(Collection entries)
- - -

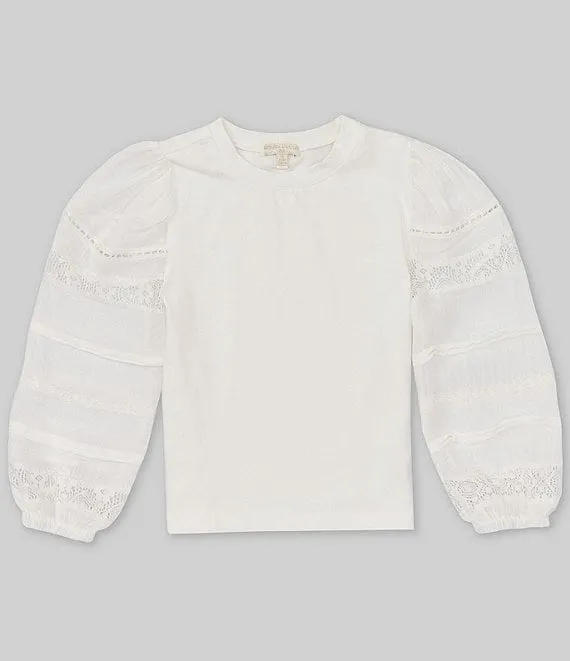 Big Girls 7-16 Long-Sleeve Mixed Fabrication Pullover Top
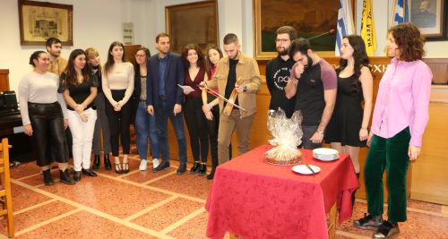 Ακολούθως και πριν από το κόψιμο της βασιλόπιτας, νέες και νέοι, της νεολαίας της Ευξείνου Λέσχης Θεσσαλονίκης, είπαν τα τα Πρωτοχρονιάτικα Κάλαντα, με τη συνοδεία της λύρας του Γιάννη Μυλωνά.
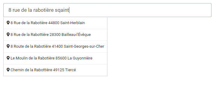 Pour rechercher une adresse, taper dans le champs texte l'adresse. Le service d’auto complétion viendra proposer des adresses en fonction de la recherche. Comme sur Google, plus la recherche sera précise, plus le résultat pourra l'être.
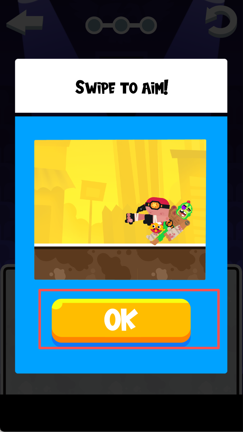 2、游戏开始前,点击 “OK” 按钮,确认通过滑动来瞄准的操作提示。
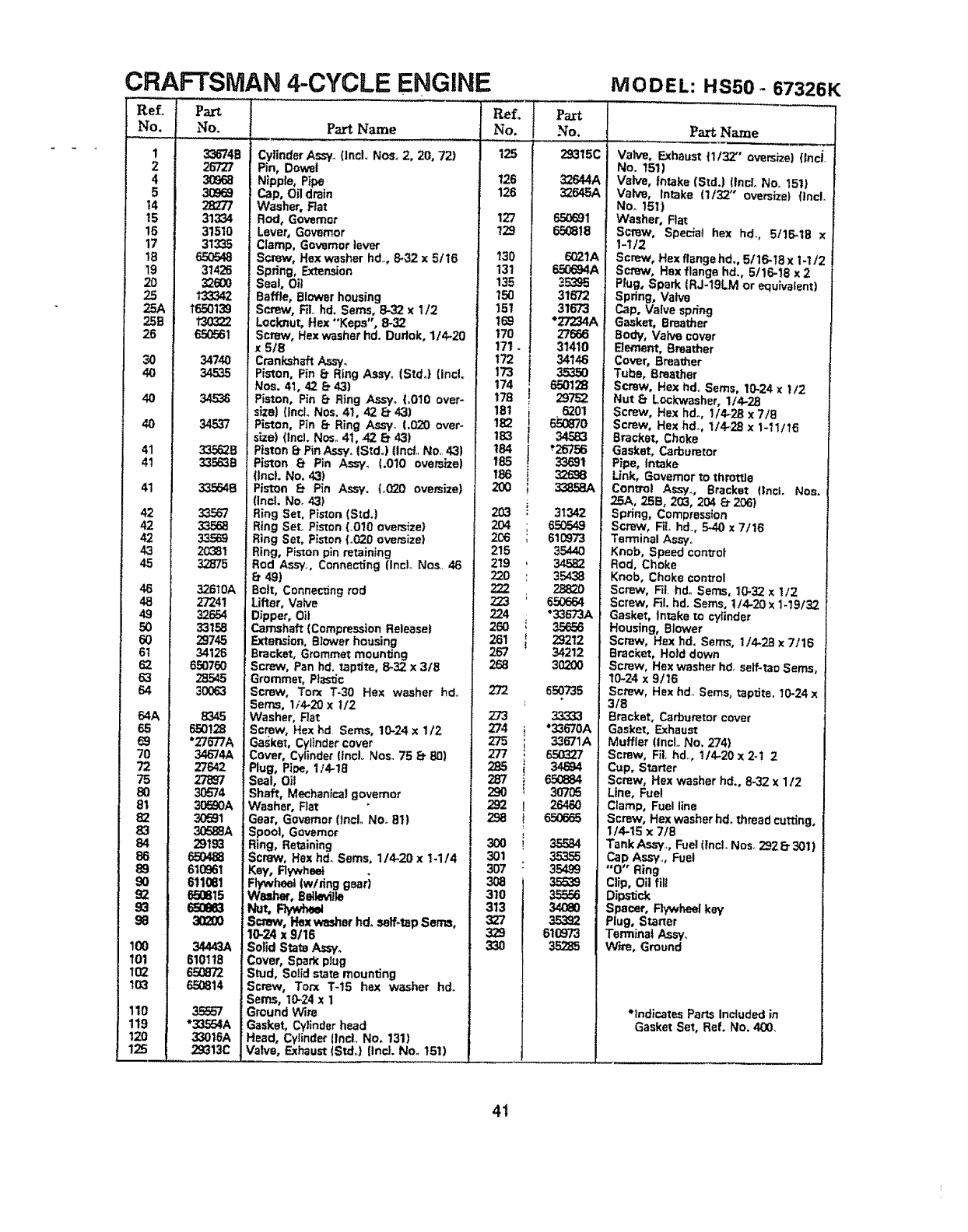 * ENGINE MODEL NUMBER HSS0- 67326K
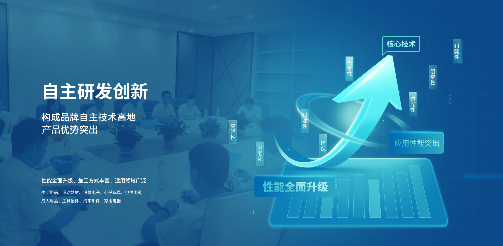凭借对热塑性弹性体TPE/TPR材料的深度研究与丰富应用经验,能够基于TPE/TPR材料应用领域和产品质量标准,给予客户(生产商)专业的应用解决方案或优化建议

- - -

Please output the lines of the records above from the one with "Ακολούθως και πριν" through the last, exactly as they appear and with both ends included; skip any pictures and add nothing.

 Ακολούθως και πριν από το κόψιμο της βασιλόπιτας, νέες και νέοι, της νεολαίας της Ευξείνου Λέσχης Θεσσαλονίκης, είπαν τα τα Πρωτοχρονιάτικα Κάλαντα, με τη συνοδεία της λύρας του Γιάννη Μυλωνά.
 Pour rechercher une adresse, taper dans le champs texte l'adresse. Le service d’auto complétion viendra proposer des adresses en fonction de la recherche. Comme sur Google, plus la recherche sera précise, plus le résultat pourra l'être.
 2、游戏开始前,点击 “OK” 按钮,确认通过滑动来瞄准的操作提示。
 * ENGINE MODEL NUMBER HSS0- 67326K
凭借对热塑性弹性体TPE/TPR材料的深度研究与丰富应用经验,能够基于TPE/TPR材料应用领域和产品质量标准,给予客户(生产商)专业的应用解决方案或优化建议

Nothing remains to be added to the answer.